There are two main types of pyoderma gangrenosum:
- the 'typical' ulcerative form, which occurs in the legs
- an 'atypical' form that is more superficial and occurs in the hands and other parts of the body

Other variations are:
- Peristomal pyoderma gangrenosum comprises 15% of all cases of pyoderma
- Bullous pyoderma gangrenosum
- Pustular pyoderma gangrenosum
- Vegetative pyoderma gangrenosum
==Presentation==
===Associations===
The following are conditions commonly associated with pyoderma gangrenosum:
- Inflammatory bowel disease:
  - Ulcerative colitis
  - Crohn's disease
- Arthritides:
  - Rheumatoid arthritis
  - Seronegative arthritis
- Hematological disease:
  - Myelocytic leukemia
  - Hairy cell leukemia
  - Myelofibrosis
  - Myeloid metaplasia
  - Monoclonal gammopathy
- Solid tumors

A rare syndromic association called pyogenic arthritis, pyoderma gangrenosum and acne syndrome (PAPA syndrome), a type of autoinflammatory disorder, is associated with mutations in the proline-serine-threonine phosphatase-interacting 1 gene (PSTPIP1).

==Causes==
Though the cause is not well understood, the disease is thought to be due to immune system dysfunction, and particularly improper functioning of neutrophils. In support of an immune cause, a variety of immune mediators such as interleukin (IL)-8, IL-1β, IL-6, interferon (IFN)-γ, granulocyte colony-stimulating factor, tumor necrosis factor alpha, matrix metalloproteinase (MMP)-9, MMP10, and elafin have all been reported to be elevated in patients with pyoderma gangrenosum.

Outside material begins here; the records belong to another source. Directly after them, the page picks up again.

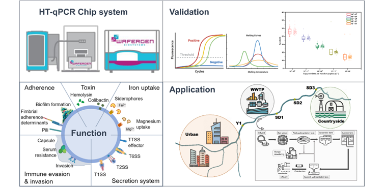 为此,团队基于高通量实时定量PCR技术开发了一种致病菌毒力基因芯片(VFG-Chip),可用于环境中致病菌的毒力组研究。VFG芯片针对环境中4种典型人畜致病菌——肺炎克雷伯氏菌(Klebsiella pneumoniae)、鲍曼不动杆菌(Acinetobacter baumannii)、大肠杆菌(Escherichia coli)和肠道沙门氏菌(Salmonella enterica),覆盖了其中参与编码毒素、粘附因子、分泌系统、免疫逃避/入侵和铁摄取等5种主要功能的96个毒力基因,基于SmartChip高通量实时定量PCR平台,可在2小时内一次性检测42个样品的毒力组,且大于91%的引物扩增效率为90%至110%,具有高效、快速、准确等特点。目前,VFG芯片已成功地应用于城市污水处理系统以及土壤等环境样品毒力组的检测(图1)。VFG芯片为量化环境中致病菌毒力组提供了一种高效可靠的高通量检测手段,未来有望在致病菌毒力组特征及其健康风险与生态风险评估等相关研究中发挥重要作用。团队已为VFG芯片及其应用申请了发明专利。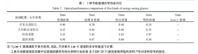 2 幾種節(jié)能玻璃熱工性能模擬計(jì)算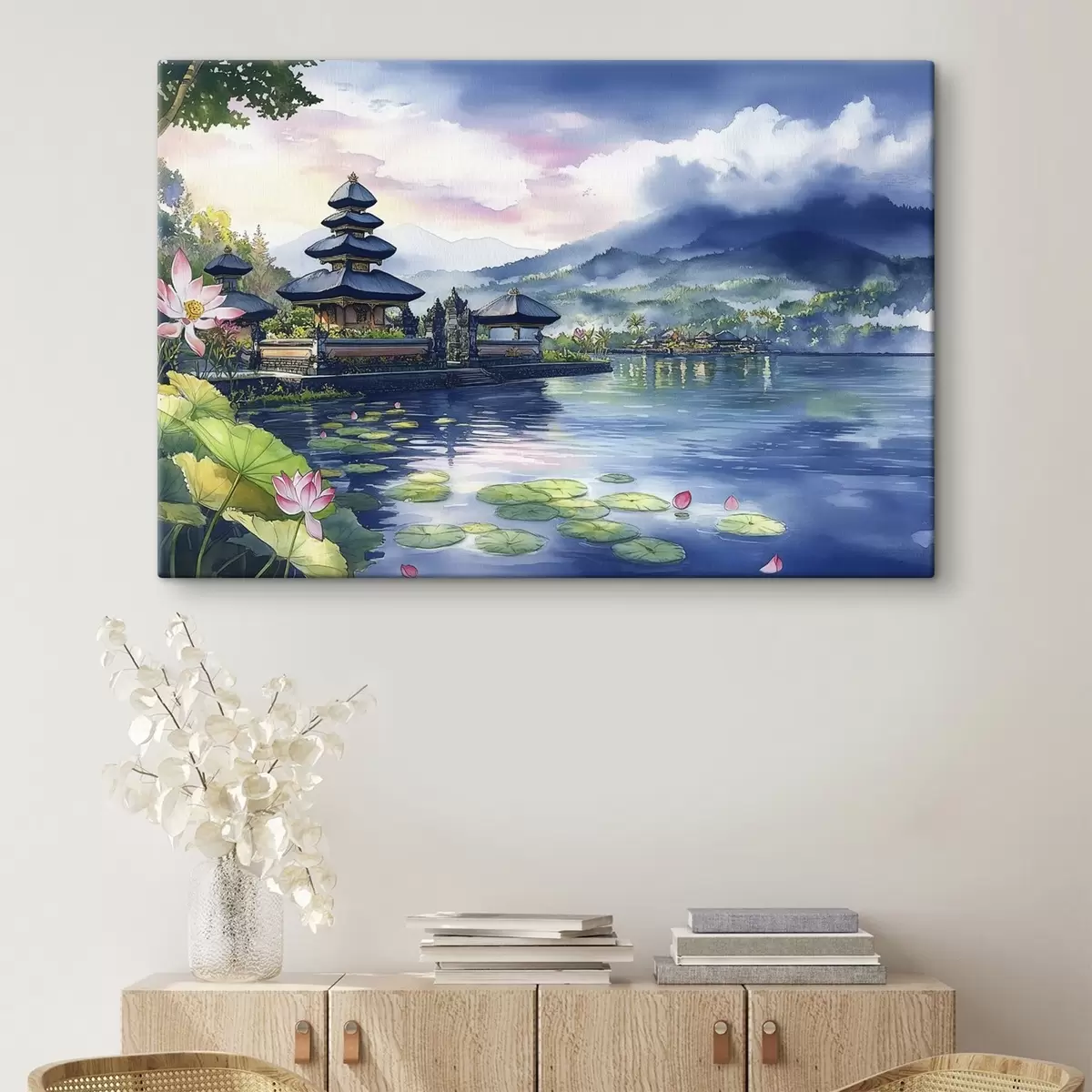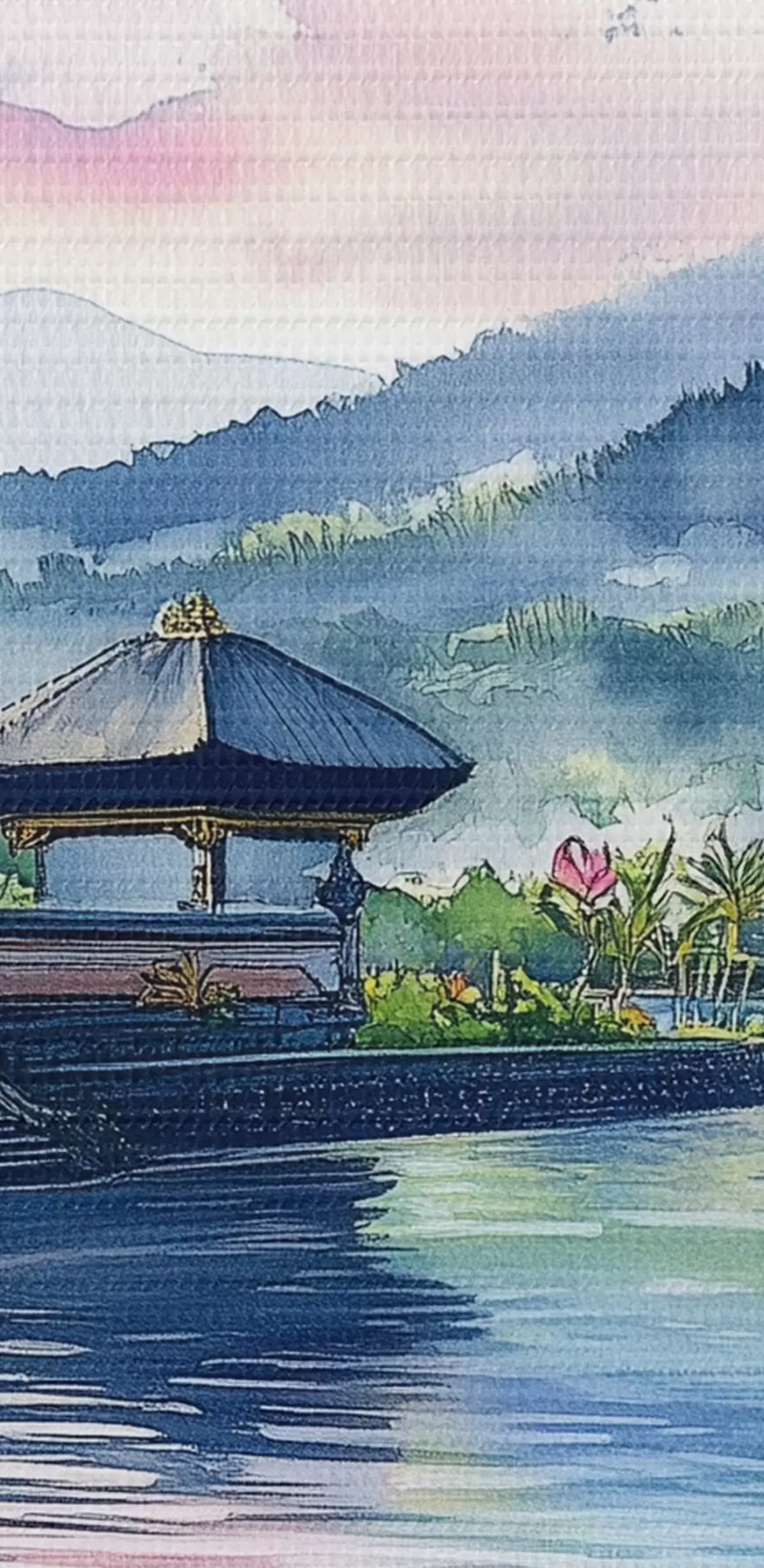 Paveikslas Indonezijos sala, šventykla, budizmas, atogrąžų gamta, akvarelės stilius Nr s44148

Also in support of an immune cause is the finding that at least half of all pyoderma gangrenosum patients suffer from immune-mediated diseases. For instance, ulcerative colitis, rheumatoid arthritis, and monoclonal gammopathies have all been associated with pyoderma gangrenosum. It can also be part of autoinflammatory syndromes such as PAPA syndrome. Marzano et al. (2017) identified a variety of single-nucleotide polymorphisms (SNPs) linked to autoinflammation that were carried, singly or in combination, in subsets of patients with pyoderma gangrenosum, acne and suppurative hidradenitis syndrome (PASH syndrome) or isolated pyoderma gangrenosum of the ulcerative subtype.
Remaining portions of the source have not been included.